CAPABILITY STUBBS.
It was clearly Lucy's duty not to go back to Newnham, whatever Maria Stubbs' hurry might be, until she had told her Cousin Mary what had passed between her and Wyatt Edgell in the gallery.
It is not usual, even at Cambridge, where there have been so many social revolutions of late, for young women to receive the visits of gentlemen, and exchange the privileged amenities of engaged persons, without acquainting the elders of their household.
There was no one to acquaint at the lodge but Cousin Mary. It was no use telling the Master, he would confuse it with Dick's courtship that had been over sixty years ago, and he would be telling Nurse Brannan that Lucy's mother first met her lover in a dancing-booth at a fair. The Master's wife was almost past telling; she had been growing weaker day by day ever since that accident; the world had been slipping away from her ever since. She had ceased to take any interest in anything that was going on around her. She seldom spoke now; sight and strength and speech were all failing. When she did speak, she had only one question to ask: 'How is the Master?'
But Lucy would not admit that she had any engagement yet to tell anybody about. She had only told Wyatt Edgell that he might go back to work, and she had further told him that he might think of her at certain times.
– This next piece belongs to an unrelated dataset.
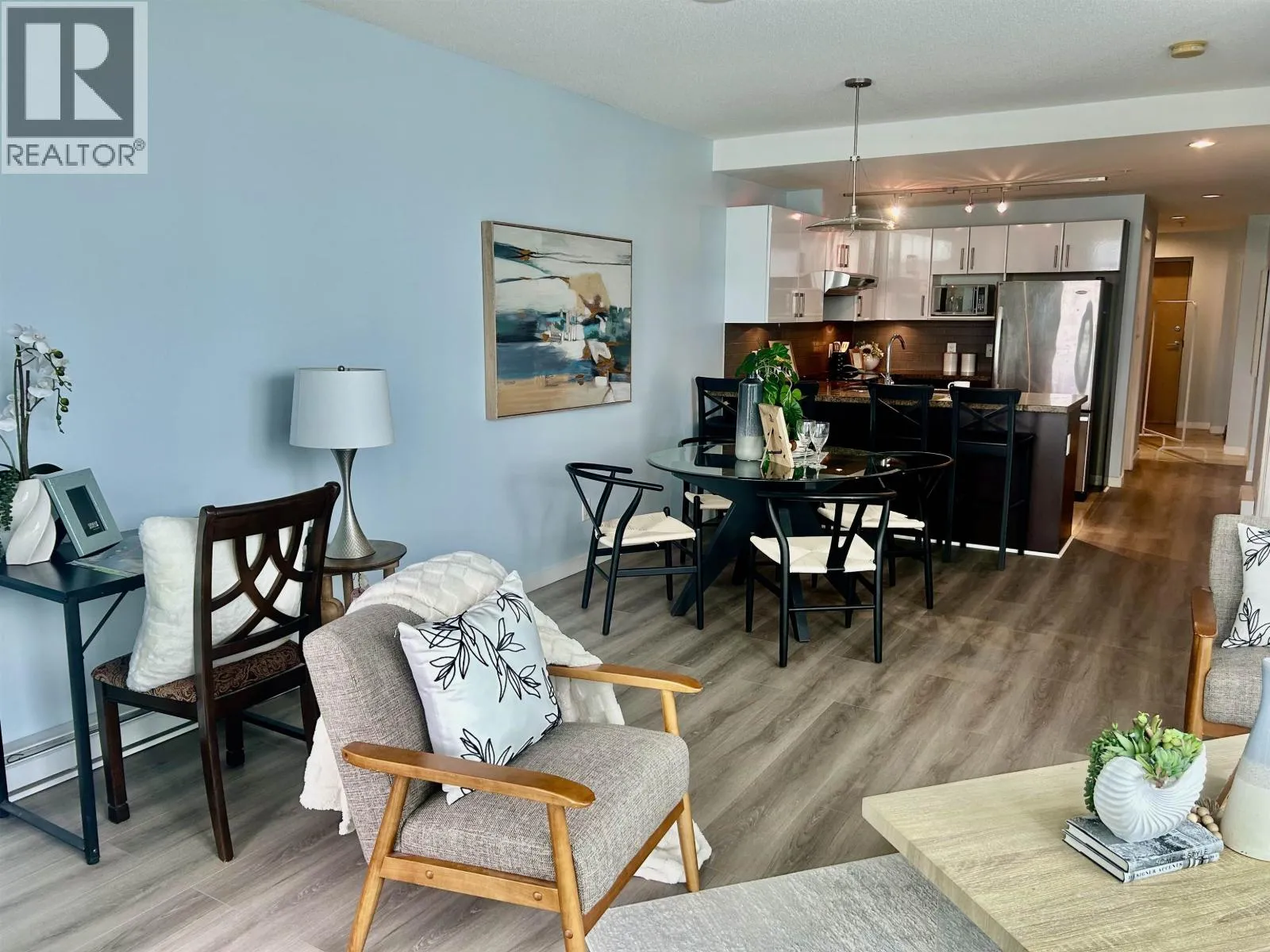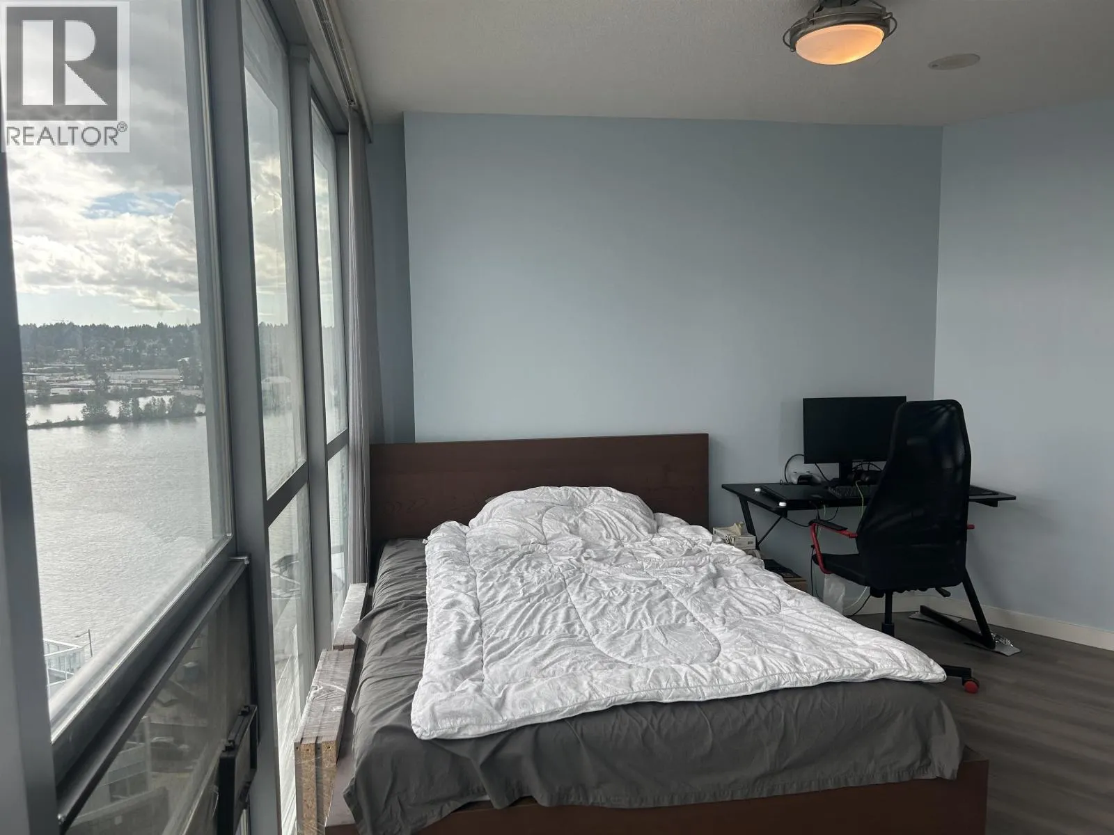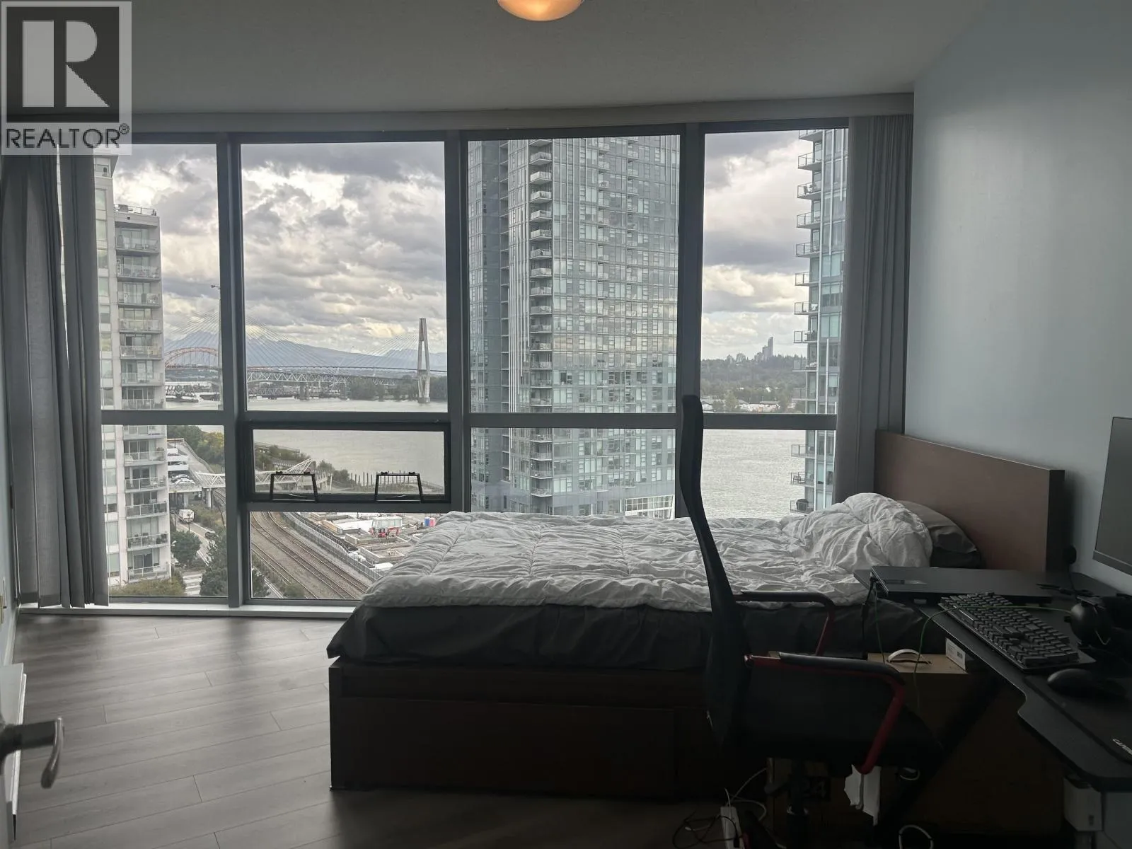 Gorgeous full waterfront south views from this 15th floor corner unit, bright and clean two bedroom, two bath, 1000 sf, freshly painted & brand new laminate floors. open and spacious floor plan, luxurious features such as gourmet kitchen, under mounted double sinks, double nosed granite counter tops, s/s appliances, in-suite laundry, a large in-suite storage area, floor to ceiling windows with a peaceful city & river view from the large COVERED BALCONY. Steps to skytrain, shopping, recreation, and parks. One cat or one non-vicious dog allowed. a secure underground parking spot. (id:27476)

This was all; no promise, no real engagement. Of course he ought not to have taken her into his arms until he was properly engaged. He had been premature, but Lucy had no one but herself to blame for it.
This is how Lucy reasoned as she walked back to Newnham with Miss Stubbs. She went straight back without seeing the Master's wife or Cousin Mary; she positively crept out of the lodge as if she had done some shameful thing, and was afraid of being found out. She was very nice to Maria on the way. She called her dear, which is quite an unheard-of thing among the Stoics of Newnham, but Miss Stubbs was not to be taken in.
'It's pretty far gone,' she observed with a sniff, when Lucy made a timid little allusion to Edgell's visit to the gallery.
'Oh dear no, not at all!' Lucy said sweetly.